Surprisingly, William Bonac started his leg workout with leg extensions, an isolation movement that targets your quads. Typically, athletes start their workouts with compound movements to target multiple muscles in their lower body while fresh before moving to isolation movements.
But some bodybuilders find isolation movements to give their muscles and joints a solid warm-up before diving into the bigger lifts. Leg extensions, for example, will warm up your knee joints. Bonac first did the leg extensions unilaterally (single-limb), and then he did a few sets bilaterally (both legs).
Next, William Bonac performed several leg curl variations to hit his hamstrings. In addition to leg extensions, leg curls will warm up your knees a little bit with less stress compared to leg extensions. Moreover, since your hamstrings only have three muscles compared to the four muscles on its thigh-brother, quads, which have four muscles, it’s imperative to make sure your hamstrings are well warmed before lifting heavy weights because they’re prone to injury (1).
The Dutch bodybuilder did lying leg curls, seated leg curls, and standing leg curls. Lying leg curls require less hip flexion than seated leg curls. And seated leg curls bring your hamstrings through a greater range of motion to engage more of your hamstrings. And standing leg curls force more isolation from your hamstrings since your quads are pressed firmly on padding.
Vertical Leg Press
After completing a couple of isolation exercises to hit the anterior and posterior portions of his thighs, Bonac moved to compound exercises. The first compound exercise he did was the vertical leg press.
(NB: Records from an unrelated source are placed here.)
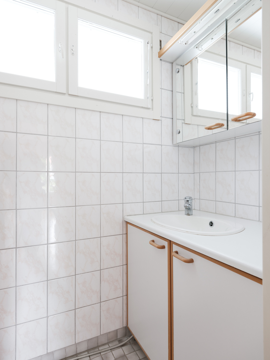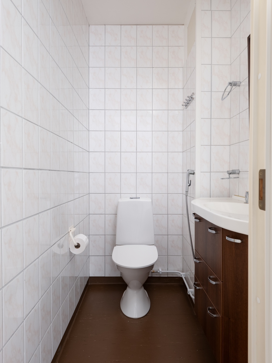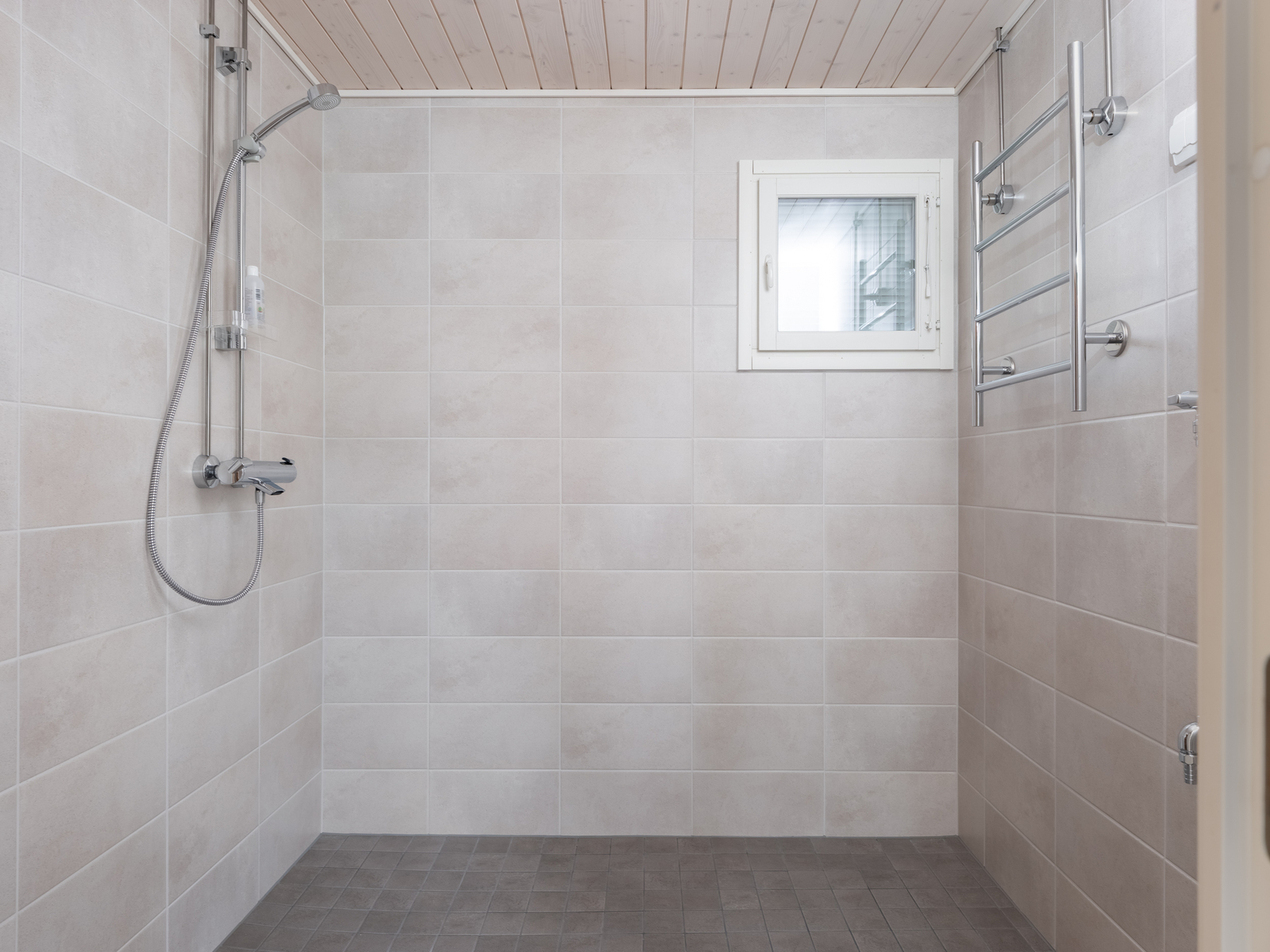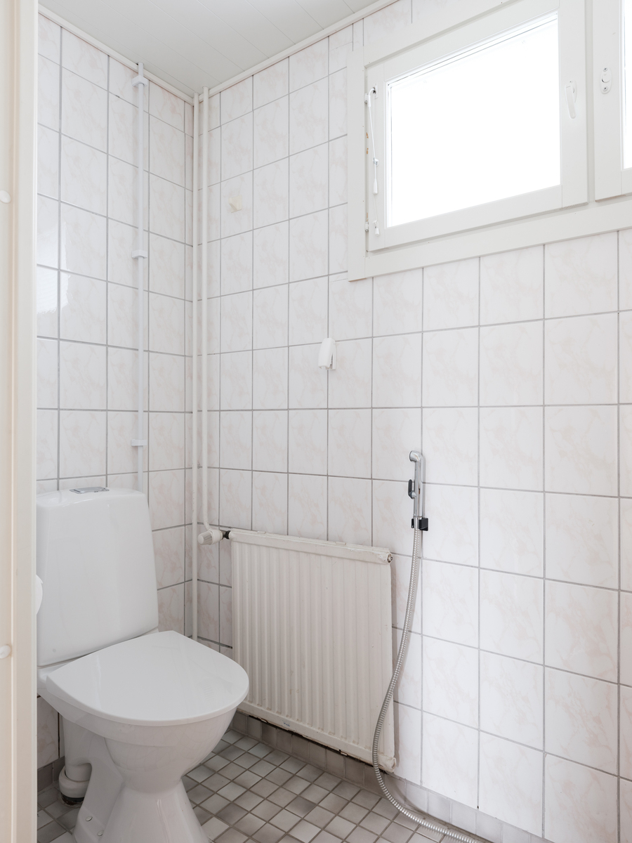 | Kylpyhuoneen kuvaus | Suihku ja pesukoneliitäntä, seinät (kaakeli), lattiat (laatta) |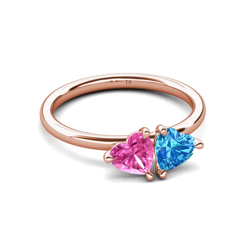 1.90 ctw Heart Shape (6.00 mm) Lab Created Pink Sapphire & Blue Topaz with Tiger Claw Prong setting Two Stone Duo Women Engagement Ring in 10K Rose Gold More Details ...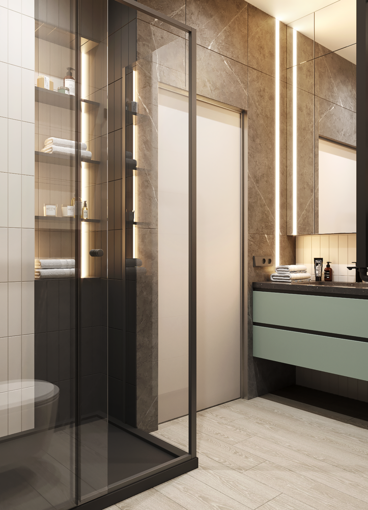 Основную ванную расширили за счет кладовой, которая была предусмотрена застройщиком в спальне.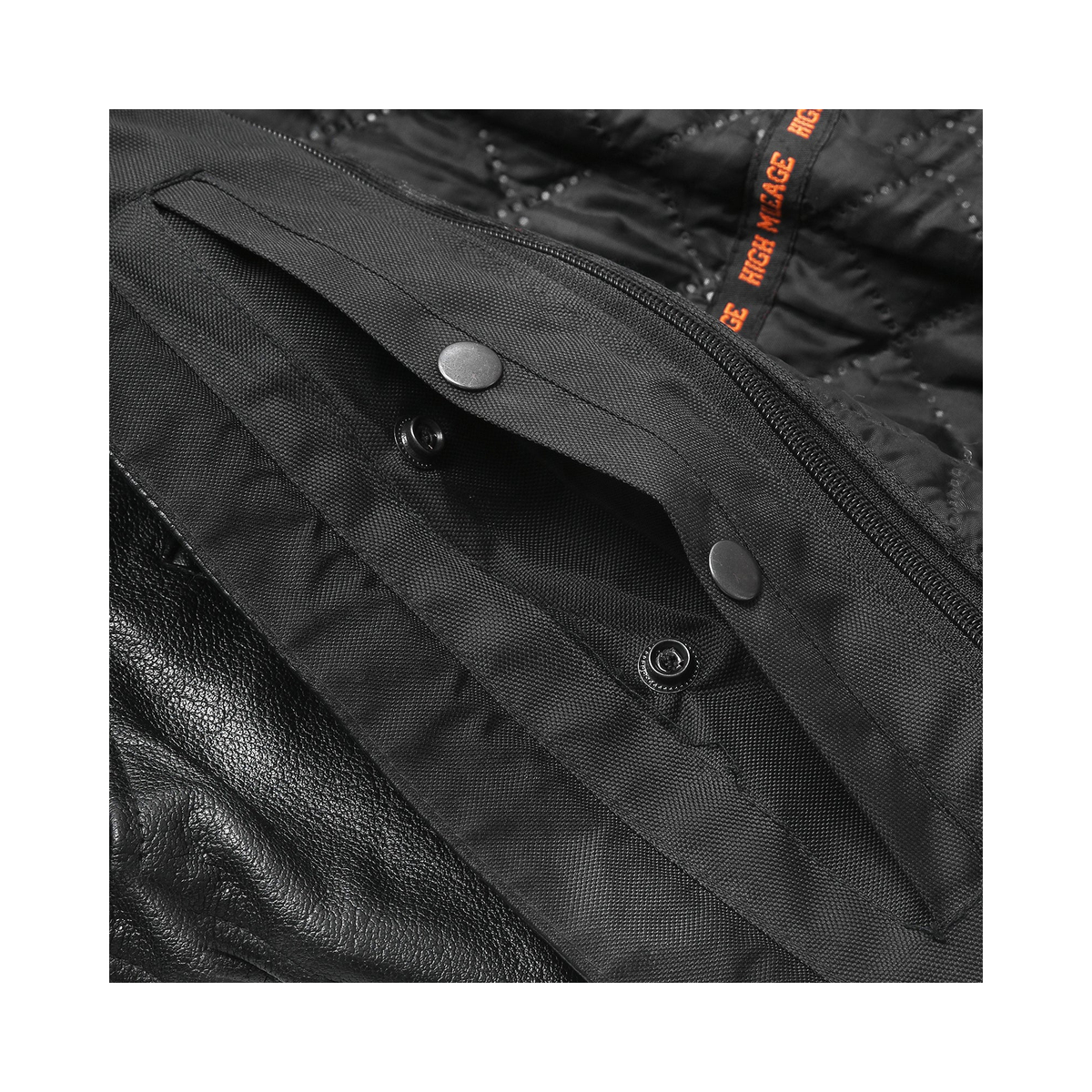 Top-grain Leather 2 snap Euro collar Zip down closure Inside wallet storage pocket Inside cell phone pocket Removable quilted liner Holds 2 spare clips 2 vents on the front Snap and zipper closure on sleeves for adjustability 2 outside pockets Fixed mesh liner 2 gun pockets Hook and loop closures on sides for adjustability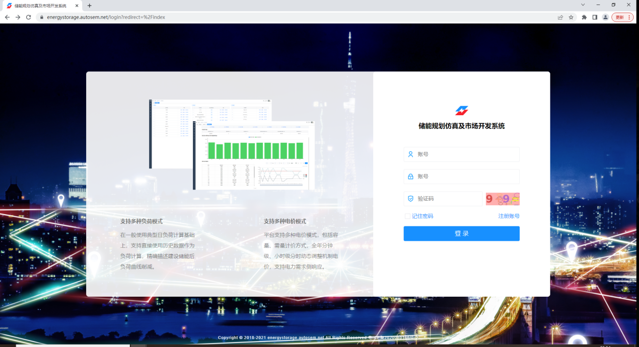由于用户负荷特性各异,各新型储能设备特性不同,使用固定能源设备的储能规划系统难以对设备特性进行精准的描述,导致储能规划产生偏差。根据国家双碳对能源转型发展的要求,为适应不同的电力市场环境,使储能系统以最佳运行优化策略来实现经济和社会效益最大化,促进储能市场化良性发展,智能算法研究中心联合各大投资方、知名设计院和设备厂,基于微搜索算法开发了一款储能市场开发仿真系统(系统网址:https://energystorage.autosem.net/,以下简称“仿真系统”)。该系统涵盖用户侧储能、电网侧独立储能、联合调频储能和新能源智能微网储能等多个应用场景。其中,用户侧储能因其商业模式清晰而成为储能市场最活跃的领域。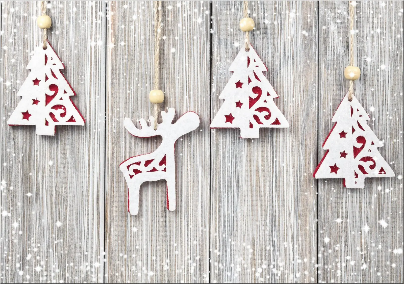 Schicke Weihnachtskarte mit Motiv: Weihnachtliche Anhänger an Holzwand.Vier weiß-rote Anhänger mit einem Renteir und drei Weihnachtsbäumenzieren diese schöne Postkarte zu Weihnachten.Versenden Sie Weihnachtsgrüße an Freunde und Familie.Diese DIN A6 Motiv Postkarte drucken wir exklusiv auf einem350gr Postkartenkarton. Die Rückseite ist mit jedem Stiftgut zu beschreiben.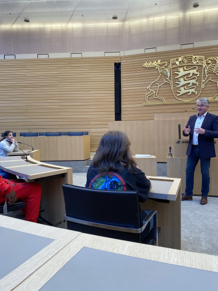 Nach rund einer Stunde ging es weiter in einen Konferenzraum der Fraktionen. Dort wurde der Austausch vertieft, unter anderem zu wirtschaftlichen Themen, aber auch zu Fragen, die weit über die Grenzen Baden-Württembergs hinausgehen. So fragten die Jugendlichen beispielsweise: „Wie schätzen Sie die Lage in Minneapolis ein?“ oder „Was können wir hier in Baden-Württemberg tun, damit unsere Technologien nicht von anderen Staaten gestohlen werden?“.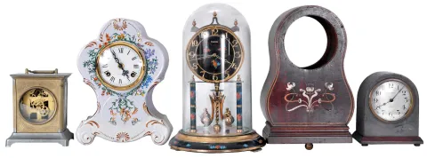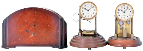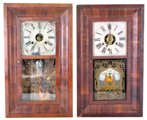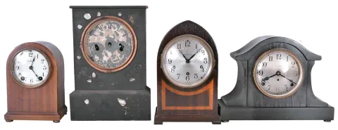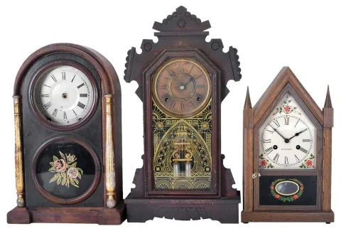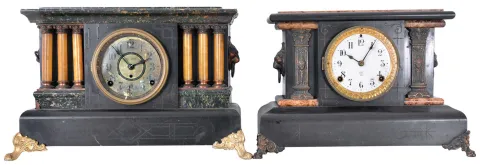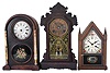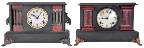 Clocks- 20 (Twenty) mantel and desk clocks: 3 (Three) black mantel clocks, 2 (Two) weight-driven ogee clocks, many wood cased mantel clocks, 2 (Two) Barr clocks for parts, a Seth Thomas chime clock, and a 400-day clock. Makers include Seth Thomas, Ansonia, Kundo, Barr, Waterbury, Ingraham, Chauncey Jerome, and H. Webster. sold "as is"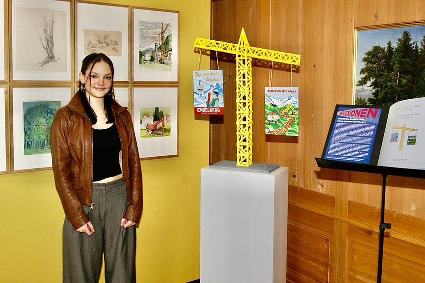 Sheryl Christen benutzte das Aquarell «Landschaft mit Baukran» von Liselotte Moser aus dem Jahr 1967 im 1. Obergeschoss als Inspirationsquelle für ihre Installation «Was, wenn sie fällt?», die sowohl ein hölzerner Kran als auch eine Waage sein kann. Für die Waage spricht, dass an den Armen zwei von der Maturandin gemalte Bilder befestigt sind. Das linke zeigt eine idyllische Werbung für das winterliche Engelberg, das rechte, das tiefer hängt, präsentiert eine Berglandschaft, die durch eine unkontrollierte Bautätigkeit zerstört wird.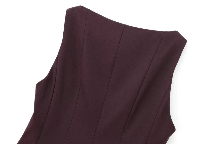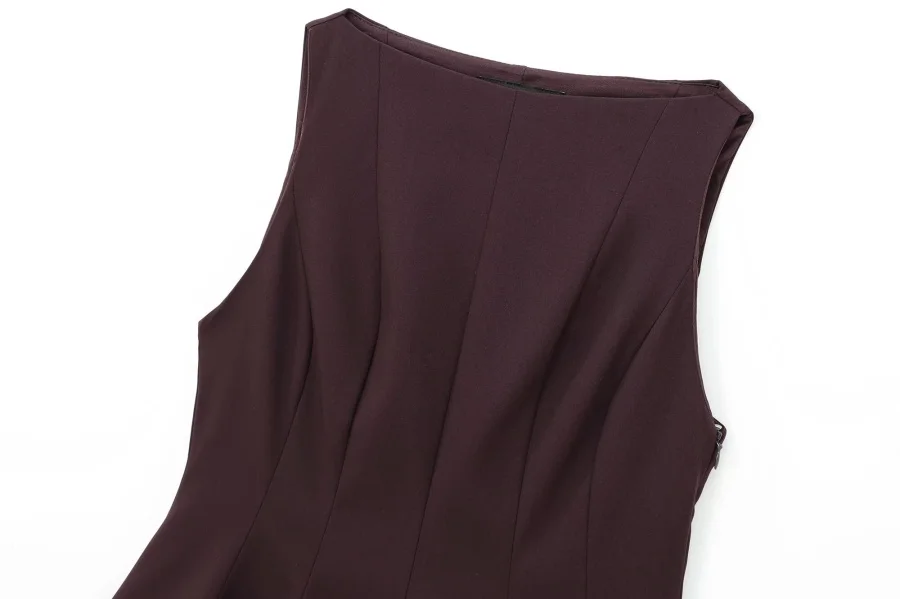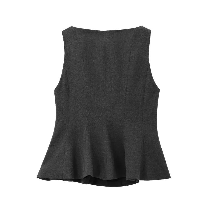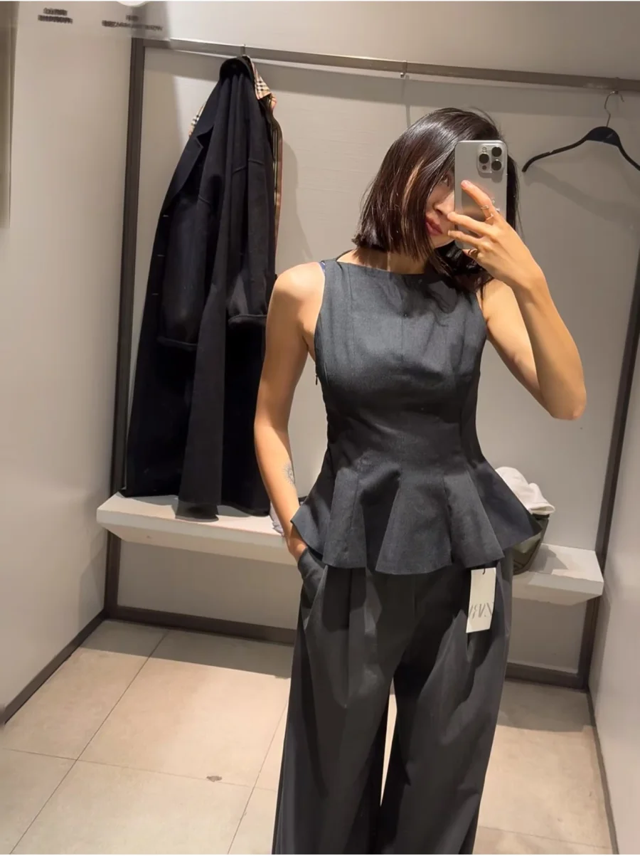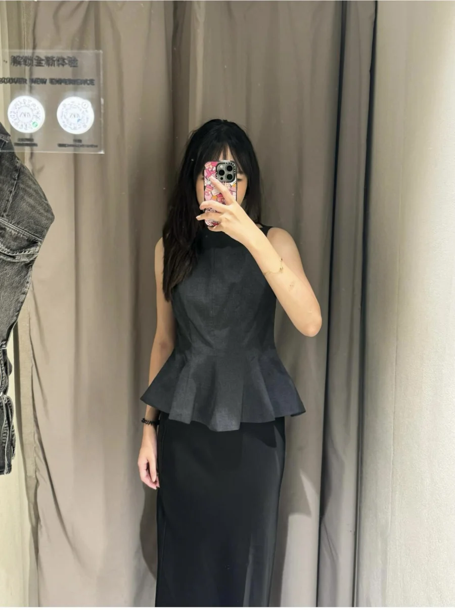 ETJ Fall/Winter 2025 New Women’s Fashion Elegant ruffled hem round neck sleeveless waist slim-fit top 4661124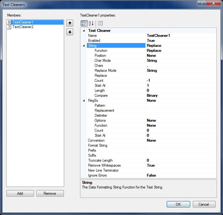 Text Cleaner members can be moved up and down using the arrow buttons to control the order in which they are applied.

As the name suggests, vertical leg presses have you push weights on a leg press machine from an upright position. This vertical positioning allows a more significant load to be lifted and emphasizes your glutes and hamstrings. However, you have to be wary of your back since the angle can put extra strain on your lower back.
Linear Hack Squat
William Bonac continued his leg workout with linear hack squats. This exercise also engages all the muscles in your lower body–glutes, hamstrings, quads–while focusing on your quads. It also places less stress on your lower back than the vertical leg press and forms an angle between vertical and horizontal. After some sets of this exercise, the Olympia bodybuilder moved to the pendulum squat.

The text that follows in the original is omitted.